Evaluate your risk
What are the risks to your herd at various levels of disease? How many goats are you willing or can you afford to lose to disease? If all of your does aborted one year would you be able to stay in business? What are your marketing risks? If you had CL in your goats would your clients refuse to buy slaughter goats from you? If you had Johne’s disease would you still be able to sell breeding stock to other producers? The process of evaluating a farm to determine levels of risk and practical methods of limiting or eliminating risk is call risk assessment. Risk analysis involves you and your veterinarian evaluating your facilities, your disease status, your animals, and your management practices. When the assessment is completed, you should have a prioritized list of significant risks to your animals’ health and a plan to minimize or eliminate these risks.
Evaluate your facilities
Does your facility allow fence line contact with other livestock? Do you have drainage problems that will contaminate fields with manure runoff? Do you have an area where you can quarantine incoming animals? Do you have adequate facilities that allow you to separate healthy animals from sick animals? Evaluate your disease status What diseases do you have in the herd at present? If you’re not sure, think about why you cull most of your animals. Think about which animals die, taking into consideration their age and what clinical signs they had before they died. Consult a veterinarian or extension agent to better understand what might be causing these culls and deaths. It is always a good idea to submit aborted fetuses for evaluation and diagnosis.
Evaluate your animals
Are your animals genetically superior and hard to replace, or would you be better off depopulating and repopulating now? Do you want to keep two herds; one that is disease-free and one that has disease but also has good genetics? From this second herd you can introduce clean newborn animals.
Evaluate management
Is management motivated enough to develop a plan and stick to it? Is management capable of following through on a plan or will there be insufficient time or expertise available?
Set goals and prioritize
Start small and decide which diseases are highest priority. What do you want to exclude from your farm? What disease will ruin your farm? What will only reduce productivity a little? What diseases do you already have and want to get rid of? Set health goals for your existing animals. For example “all my goats will be negative for Caseous lymphadenitis (CL).” Be very specific with goals and make no exceptions to these rules; not even for your favorite pet goat. Set health goals for incoming animals. For example “All incoming goats will have to test negative for CL and come from a herd known to be CL free.”

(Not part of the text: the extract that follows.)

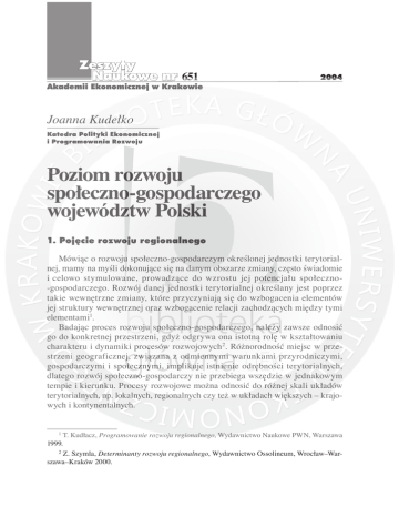 Zeszyty Naukowe nr 651 2004 Akademii Ekonomicznej w Krakowie Joanna Kude∏ko Katedra Polityki Ekonomicznej i Programowania Rozwoju Poziom rozwoju spo∏eczno-gospodarczego województw Polski 1. Poj´cie rozwoju regionalnego Mówiąc o rozwoju społeczno-gospodarczym określonej jednostki terytorialnej, mamy na myśli dokonujące się na danym obszarze zmiany, często świadomie i celowo stymulowane, prowadzące do wzrostu jej potencjału społeczno-gospodarczego. Rozwój danej jednostki terytorialnej określany jest poprzez takie wewnętrzne zmiany, które przyczyniają się do wzbogacenia elementów jej struktury wewnętrznej oraz wzbogacenie relacji zachodzących między tymi elementami1. Badając proces rozwoju społeczno-gospodarczego, należy zawsze odnosić go do konkretnej przestrzeni, gdyż odgrywa ona istotną rolę w kształtowaniu charakteru i dynamiki procesów rozwojowych2. Różnorodność miejsc w przestrzeni geograficznej, związana z odmiennymi warunkami przyrodniczymi, gospodarczymi i społecznymi, implikuje istnienie odrębności terytorialnych, dlatego rozwój społeczno-gospodarczy nie przebiega wszędzie w jednakowym tempie i kierunku. Procesy rozwojowe można odnosić do różnej skali układów terytorialnych, np. lokalnych, regionalnych czy też w układach większych – krajowych i kontynentalnych. 1 T. Kudłacz, Programowanie rozwoju regionalnego, Wydawnictwo Naukowe PWN, Warszawa 1999. 2 Z. Szymla, Determinanty rozwoju regionalnego, Wydawnictwo Ossolineum, Wrocław–Warszawa–Kraków 2000. Joanna Kudełko 76 Niezmierne istotnym problemem jest wspieranie rozwoju społeczno-gospodarczego w skali regionalnej. Każdy region rozwija się jako integralna część całej gospodarki narodowej, tak więc sukces ogólnego procesu rozwoju cywilizacyjnego uzależniony jest w dużej mierze od rozwoju poszczególnych układów regionalnych. Rozwój regionalny rozumieć należy jako nieodwracalne zmiany zmierzające do osiągania trwałego wzrostu potencjału społeczno-gospodarczego regionów. W ujęciu słownikowym rozwój regionalny definiowany jest jako „wzrost potencjału gospodarczego regionów oraz trwała poprawa ich konkurencyjności i poziomu życia mieszkańców, co przyczynia się do rozwoju społeczno-gospodarczego kraju” 3. Takie ujęcie podkreśla, że osiąganie wzrostu potencjału gospodarczego nie może następować w oderwaniu od aspektu społecznego, gdyż ostatecznym celem rozwoju regionu ma być poprawa dobrobytu i warunków życia jego ludności. Zmiany towarzyszące rozwojowi obejmują zarówno aspekt ilościowy, jak i jakościowy4. Ilościowy aspekt rozwoju dotyczy wzrostu lub zmniejszania się pewnych cech określonej jednostki terytorialnej, np. rozmiarów produkcji dóbr i usług, zmiany dochodu narodowego itp. Zmiany ilościowe wpływają zasadniczo na jakościowy aspekt rozwoju, który określany jest poprzez przekształcenia struktur społeczno-gospodarczych, nadające im nowe cechy i własności. Aby można było mówić o rozwoju, nie wystarczą tylko same zmiany ilościowe. Procesy rozwojowe muszą pociągać za sobą również pożądane zmiany strukturalne, które są jednym z głównych celów procesu wzrostu i rozwoju gospodarczego. Współczesny poziom rozwoju społeczno-gospodarczego struktur regionalnych należy traktować jako wynik złożonego procesu rozwoju cywilizacyjnego. W związku z występowaniem różnic w warunkach geograficzno-przyrodniczych, a także na skutek działania wielu niejednorodnych czynników społeczno-ekonomicznych i kulturowych, poszczególne regiony charakteryzują się odmiennością sytuacji gospodarczej, ekologiczną, a także w poziomie zagospodarowania i rozwoju. Powszechnie uważa się, że zróżnicowania regionalne są obiektywnym zjawiskiem występującym w obecnej fazie rozwoju społeczno-ekonomicznego we wszystkich krajach świata. Ze względu na różny poziom rozwoju i jego dynamikę wyróżnia się określone typy regionów. Według klasycznej typologii regionów L. Klaassena ze względu na poziom i tempo rozwoju wyróżnia się cztery zasadnicze typy regionów5: 3 Słownik rozwoju regionalnego, pod red. M. Kozaka, A. Pyszkowskiego, R. Szewczyka, Polska Agencja Rozwoju Regionalnego, Warszawa 2001. 4 Z. Szymla, op. cit. 5 L. Klaassen, Area. Economic and Social Redevelopment, Paris 1965. Poziom rozwoju społeczno-gospodarczego województw Polski 77 − wysoko rozwinięte i szybko się rozwijające, − wysoko rozwinięte, ale rozwijające się wolniej, − słabo rozwinięte, ale relatywnie szybko się rozwijające, − słabo rozwinięte i wolno się rozwijające. Różnice regionalne w poziomie rozwoju społeczno-gospodarczego stanowią kluczowy problem teorii i praktyki polityki regionalnej. Dotyczą one zarówno sfery gospodarczej, jak i społecznej, gdyż poziom rozwoju gospodarczego w sposób naturalny wpływa na poziom i jakości życia mieszkańców. Siły rynkowe działają w kierunku wzrostu naturalnych zróżnicowań w rozwoju poszczególnych regionów na terenie kraju. W tej sytuacji ważną rolę spełniają władze publiczne, które poprzez prowadzenie aktywnej polityki regionalnej mogą dążyć do niwelowania różnic regionalnych. 2. Determinanty rozwoju regionalnego Do pełnego zobrazowania zjawiska rozwoju regionalnego oraz zaproponowania sposobów podnoszenia jego poziomu, niezbędne jest zidentyfikowanie jego determinant. Jako determinanty rozwoju regionów rozumie się czynniki i uwarunkowania faktycznie i w istotny sposób wpływające na obecny stan i poprawę poziomu rozwoju regionów. Poszczególni autorzy dokonują podziału determinant rozwoju regionalnego, przyjmując różne kryteria. K. Secomski dokonuje ogólnego podziału czynników rozwoju na ekonomiczne, społeczne, ekologiczne, lokalne i przestrzenne 6. E.J. Blakely wśród determinant rozwoju wyszczególnia7: zasoby naturalne, zasoby pracy, w tym pracy kwalifikacyjnej, kapitał, zwłaszcza inwestycyjn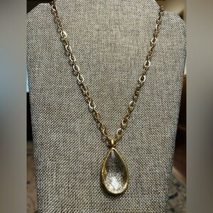 crystal pendant long necklace on gold link chain, versatile, handmade

Prepare a written document
Do this with your veterinarian or extension agent. Consider your goals, animals, facilities, current disease status, and management practices. Create a plan that fits your operation. The plan needs to cover biocontainment of existing diseases, disease surveillance, entry of new animals, quarantine procedures, and visitors. Put the protocol in writing. Post it in appropriate places and stick with it.
Communicate
Communicate with employees, neighbors, customers, and delivery personnel. Let them know what is being done and what will be required of them. Post signs that clearly delineate biosecure areas from nonsecure areas.
Implement the plan
Put it in play. See if it is workable. At least once per year, sit down and re-evaluate. Is everything working as envisioned?